— PROBLEM TO WORK ON —
Print each entry precisely; exclude the pictures.

** Opening GIVEN INFORMATION block **

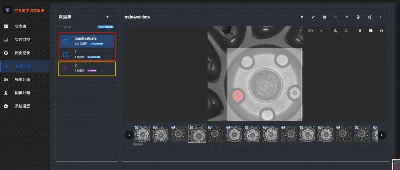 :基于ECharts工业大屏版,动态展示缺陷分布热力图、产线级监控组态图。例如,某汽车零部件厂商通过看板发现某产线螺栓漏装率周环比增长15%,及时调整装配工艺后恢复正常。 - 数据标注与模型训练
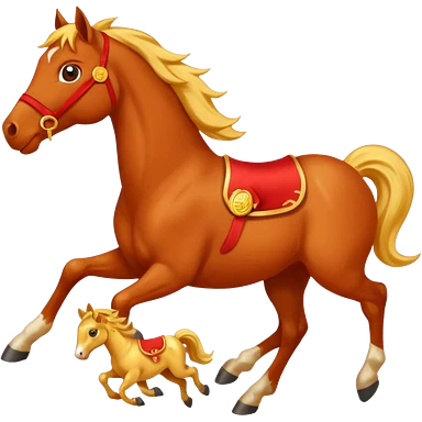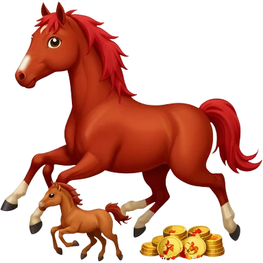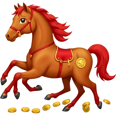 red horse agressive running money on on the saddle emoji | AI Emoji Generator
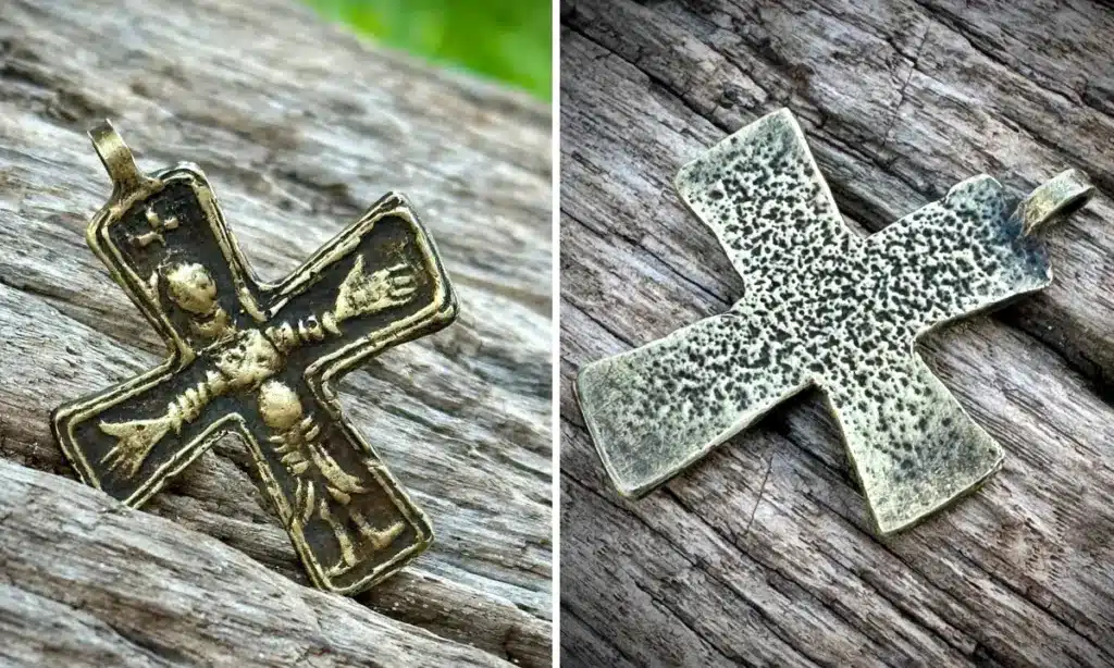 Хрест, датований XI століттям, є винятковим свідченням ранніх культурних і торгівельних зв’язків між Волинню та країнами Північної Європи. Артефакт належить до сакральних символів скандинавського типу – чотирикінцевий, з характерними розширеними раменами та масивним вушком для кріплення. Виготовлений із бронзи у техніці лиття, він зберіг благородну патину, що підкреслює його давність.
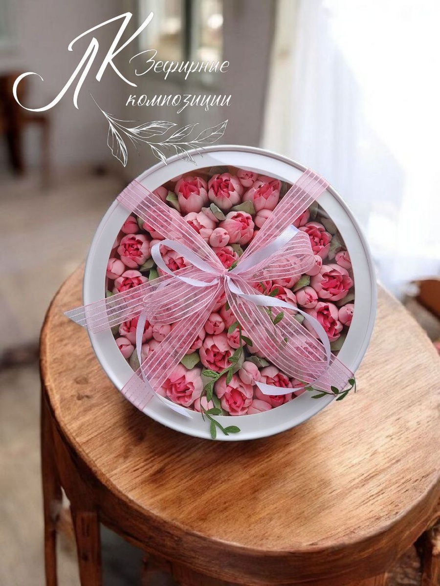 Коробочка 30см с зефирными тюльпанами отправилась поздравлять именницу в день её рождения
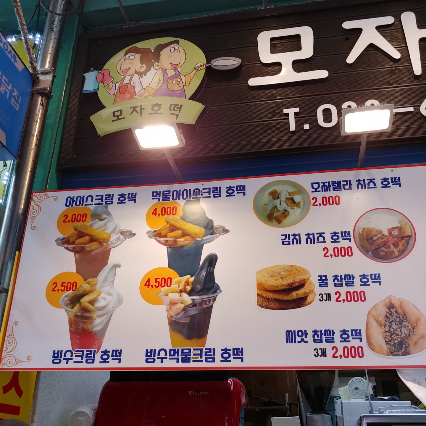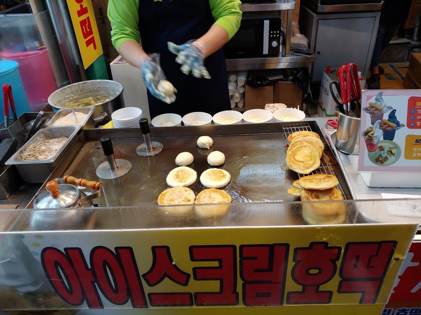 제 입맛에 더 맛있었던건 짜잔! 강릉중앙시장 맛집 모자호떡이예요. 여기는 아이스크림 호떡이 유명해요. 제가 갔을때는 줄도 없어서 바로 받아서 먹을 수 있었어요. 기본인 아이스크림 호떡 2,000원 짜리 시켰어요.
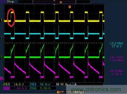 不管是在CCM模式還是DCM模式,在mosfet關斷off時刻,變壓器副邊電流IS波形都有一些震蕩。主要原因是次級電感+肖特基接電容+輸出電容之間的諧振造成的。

** Closing GIVEN INFORMATION block **

— TASK RESPONSE —
 :基于ECharts工业大屏版,动态展示缺陷分布热力图、产线级监控组态图。例如,某汽车零部件厂商通过看板发现某产线螺栓漏装率周环比增长15%,及时调整装配工艺后恢复正常。 - 数据标注与模型训练
 red horse agressive running money on on the saddle emoji | AI Emoji Generator
 Хрест, датований XI століттям, є винятковим свідченням ранніх культурних і торгівельних зв’язків між Волинню та країнами Північної Європи. Артефакт належить до сакральних символів скандинавського типу – чотирикінцевий, з характерними розширеними раменами та масивним вушком для кріплення. Виготовлений із бронзи у техніці лиття, він зберіг благородну патину, що підкреслює його давність.
 Коробочка 30см с зефирными тюльпанами отправилась поздравлять именницу в день её рождения
 제 입맛에 더 맛있었던건 짜잔! 강릉중앙시장 맛집 모자호떡이예요. 여기는 아이스크림 호떡이 유명해요. 제가 갔을때는 줄도 없어서 바로 받아서 먹을 수 있었어요. 기본인 아이스크림 호떡 2,000원 짜리 시켰어요.
 不管是在CCM模式還是DCM模式,在mosfet關斷off時刻,變壓器副邊電流IS波形都有一些震蕩。主要原因是次級電感+肖特基接電容+輸出電容之間的諧振造成的。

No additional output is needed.